▸ **PROVIDED INFORMATION**:
————
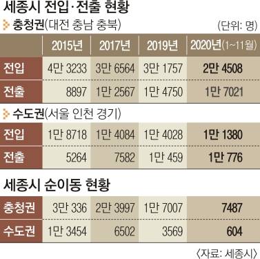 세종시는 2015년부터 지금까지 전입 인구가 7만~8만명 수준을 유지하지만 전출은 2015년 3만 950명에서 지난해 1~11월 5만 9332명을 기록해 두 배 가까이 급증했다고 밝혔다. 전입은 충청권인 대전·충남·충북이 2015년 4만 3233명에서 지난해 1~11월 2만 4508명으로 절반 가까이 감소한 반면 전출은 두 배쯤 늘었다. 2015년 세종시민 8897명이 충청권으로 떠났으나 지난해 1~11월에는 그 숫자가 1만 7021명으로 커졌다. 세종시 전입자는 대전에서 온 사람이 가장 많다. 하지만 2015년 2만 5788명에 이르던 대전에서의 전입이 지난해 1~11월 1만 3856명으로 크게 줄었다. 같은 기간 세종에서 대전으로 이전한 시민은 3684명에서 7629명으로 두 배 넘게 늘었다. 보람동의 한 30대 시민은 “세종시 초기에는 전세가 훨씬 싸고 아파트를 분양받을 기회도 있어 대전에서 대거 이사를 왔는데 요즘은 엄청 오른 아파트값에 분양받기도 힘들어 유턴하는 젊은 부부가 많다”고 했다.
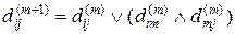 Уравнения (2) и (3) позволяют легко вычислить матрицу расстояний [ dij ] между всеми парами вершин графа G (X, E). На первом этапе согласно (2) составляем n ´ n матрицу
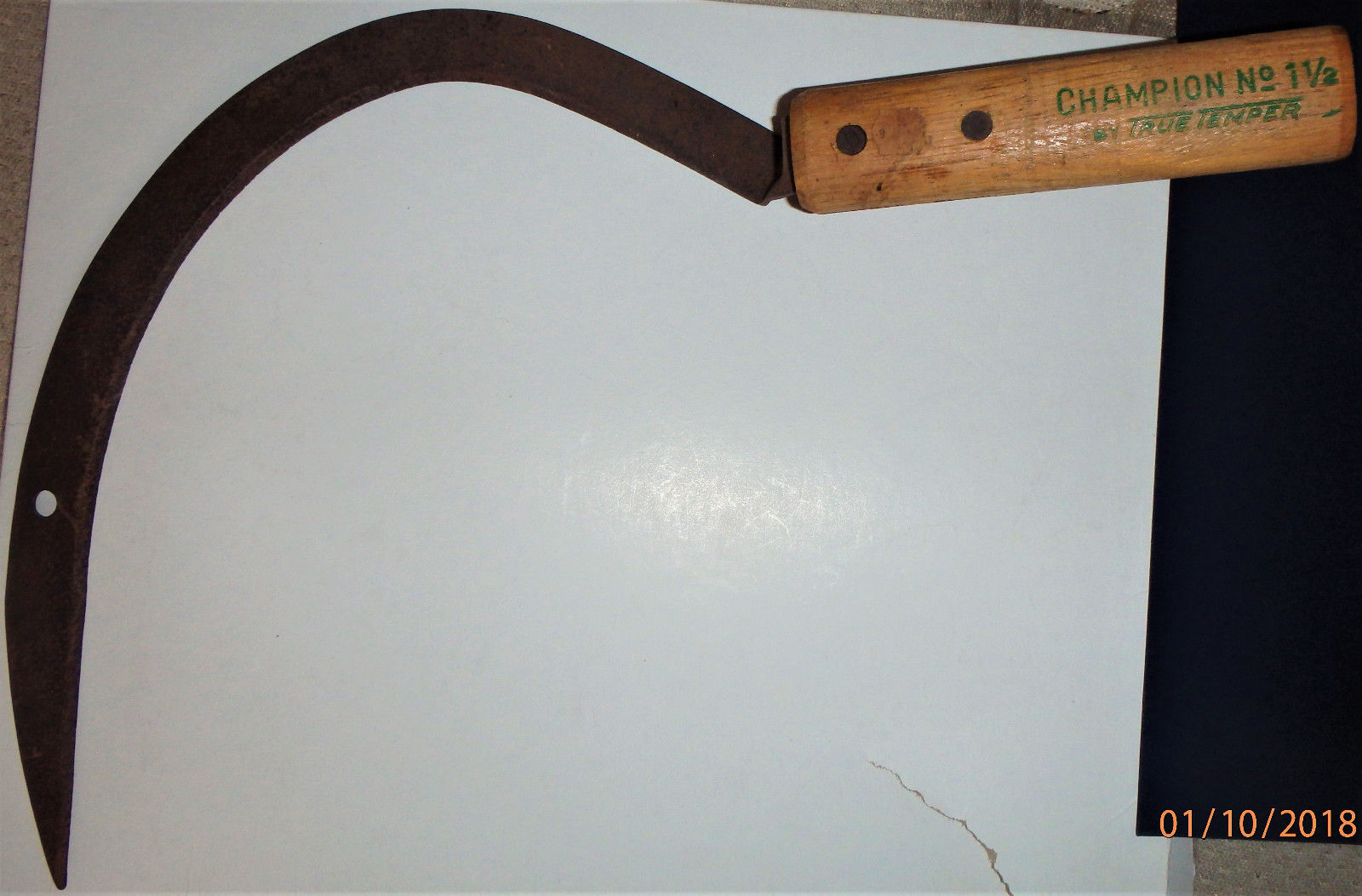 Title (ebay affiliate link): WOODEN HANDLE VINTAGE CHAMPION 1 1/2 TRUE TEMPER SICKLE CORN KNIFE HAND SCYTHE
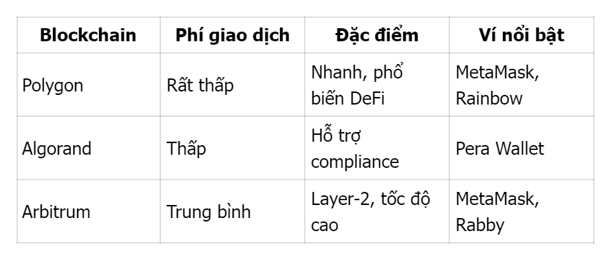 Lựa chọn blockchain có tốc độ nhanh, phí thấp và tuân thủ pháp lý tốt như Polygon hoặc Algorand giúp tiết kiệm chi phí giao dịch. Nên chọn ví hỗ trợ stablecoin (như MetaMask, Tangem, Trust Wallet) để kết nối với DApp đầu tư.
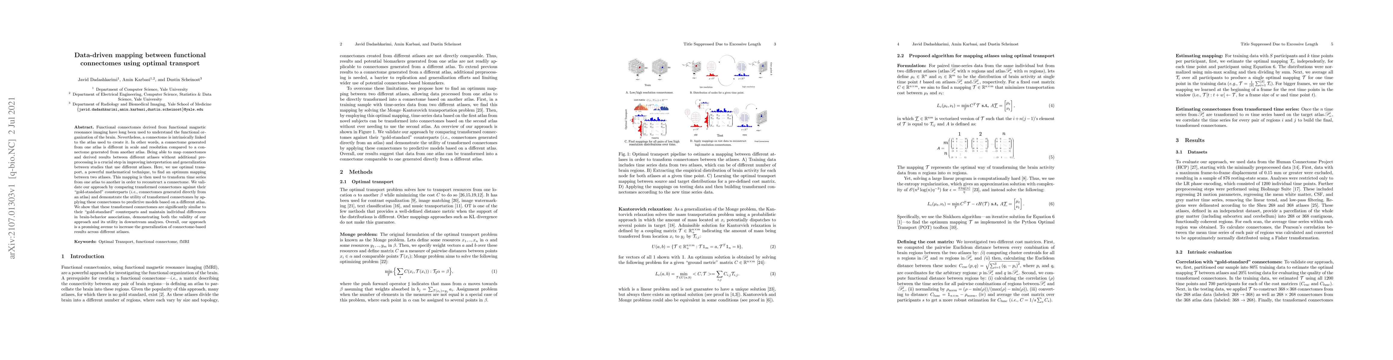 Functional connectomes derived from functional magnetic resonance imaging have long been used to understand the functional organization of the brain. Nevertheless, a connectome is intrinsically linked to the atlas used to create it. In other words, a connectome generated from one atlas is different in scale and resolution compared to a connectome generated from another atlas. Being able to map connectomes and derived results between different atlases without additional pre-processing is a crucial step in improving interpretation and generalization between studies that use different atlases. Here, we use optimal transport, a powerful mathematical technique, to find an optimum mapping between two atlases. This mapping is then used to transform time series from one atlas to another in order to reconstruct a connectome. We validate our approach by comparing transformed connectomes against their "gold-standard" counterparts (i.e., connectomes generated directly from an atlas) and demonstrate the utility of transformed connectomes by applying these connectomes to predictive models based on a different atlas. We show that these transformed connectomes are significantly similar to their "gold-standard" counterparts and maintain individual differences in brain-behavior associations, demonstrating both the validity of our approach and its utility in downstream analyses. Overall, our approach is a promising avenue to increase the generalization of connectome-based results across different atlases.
————
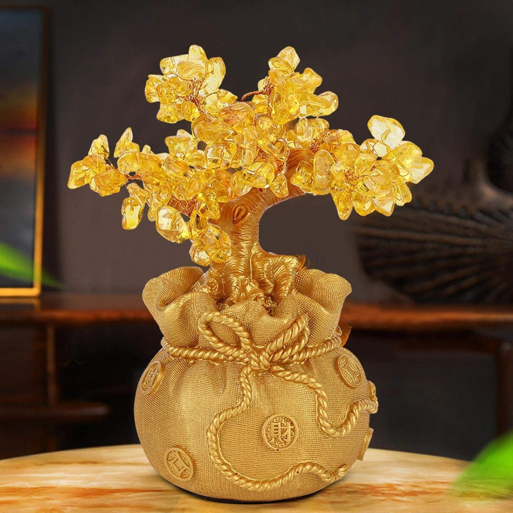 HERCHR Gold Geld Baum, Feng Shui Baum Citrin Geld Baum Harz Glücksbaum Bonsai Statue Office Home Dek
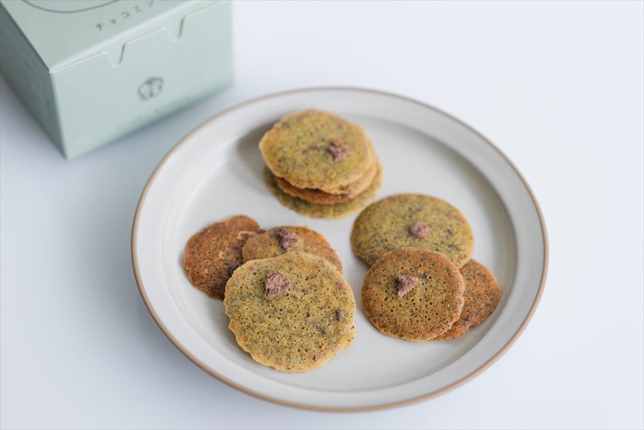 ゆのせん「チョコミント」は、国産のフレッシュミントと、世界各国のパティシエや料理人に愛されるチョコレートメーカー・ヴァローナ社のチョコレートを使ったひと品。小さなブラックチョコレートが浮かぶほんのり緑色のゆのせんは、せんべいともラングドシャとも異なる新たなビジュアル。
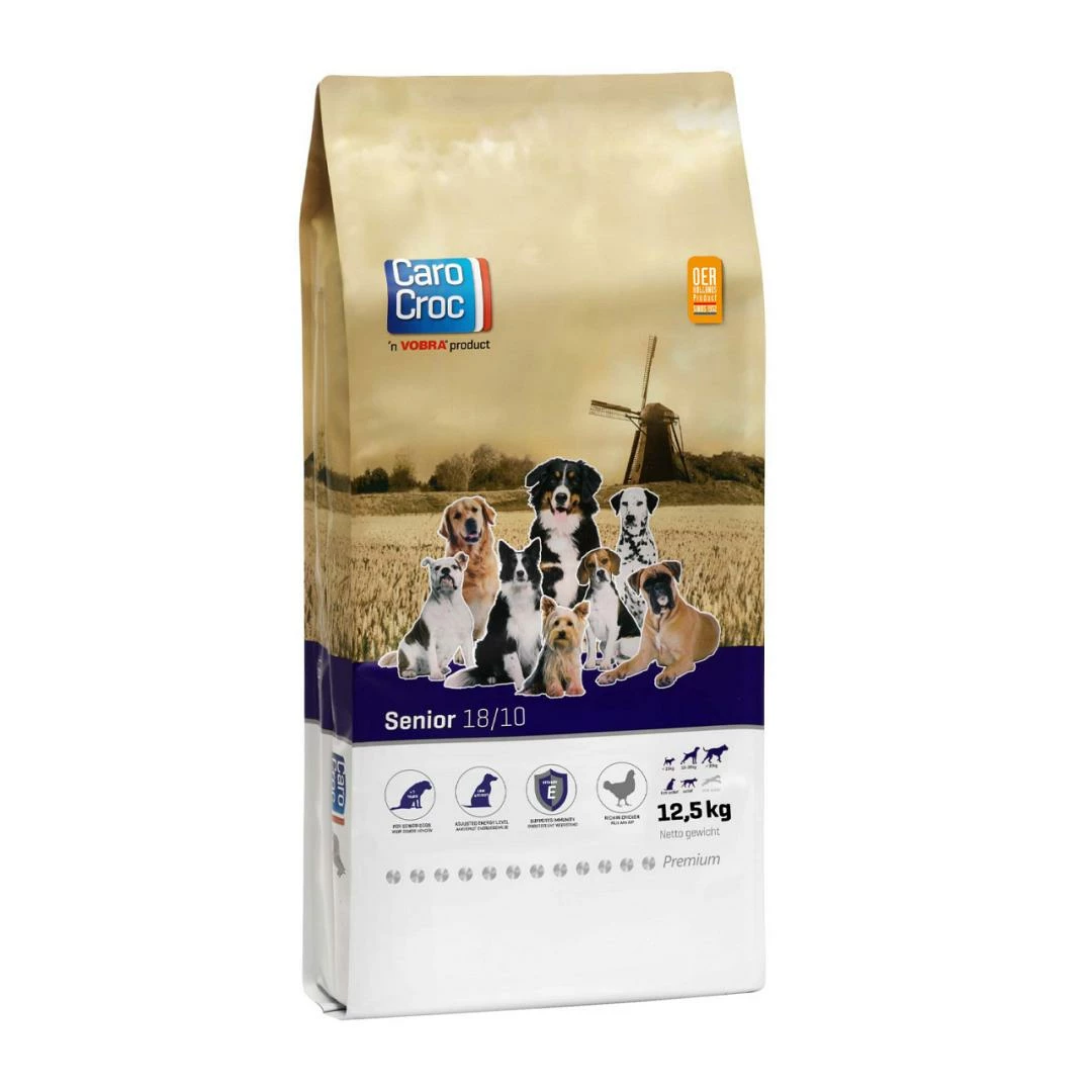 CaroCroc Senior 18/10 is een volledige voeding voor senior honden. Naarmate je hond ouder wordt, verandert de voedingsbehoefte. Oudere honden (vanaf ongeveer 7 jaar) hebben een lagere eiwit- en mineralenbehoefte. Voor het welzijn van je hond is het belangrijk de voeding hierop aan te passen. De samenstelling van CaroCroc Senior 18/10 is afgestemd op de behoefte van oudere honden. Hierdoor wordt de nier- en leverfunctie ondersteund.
————
▸ **WHAT TO PRODUCE**:
Reproduce the entries exactly, from the line with "HERCHR Gold Geld" to the line with "ゆのせん「チョコミント」は、", both lines included, keeping no pictures.

▸ **ANSWER SECTION**:
 HERCHR Gold Geld Baum, Feng Shui Baum Citrin Geld Baum Harz Glücksbaum Bonsai Statue Office Home Dek
 ゆのせん「チョコミント」は、国産のフレッシュミントと、世界各国のパティシエや料理人に愛されるチョコレートメーカー・ヴァローナ社のチョコレートを使ったひと品。小さなブラックチョコレートが浮かぶほんのり緑色のゆのせんは、せんべいともラングドシャとも異なる新たなビジュアル。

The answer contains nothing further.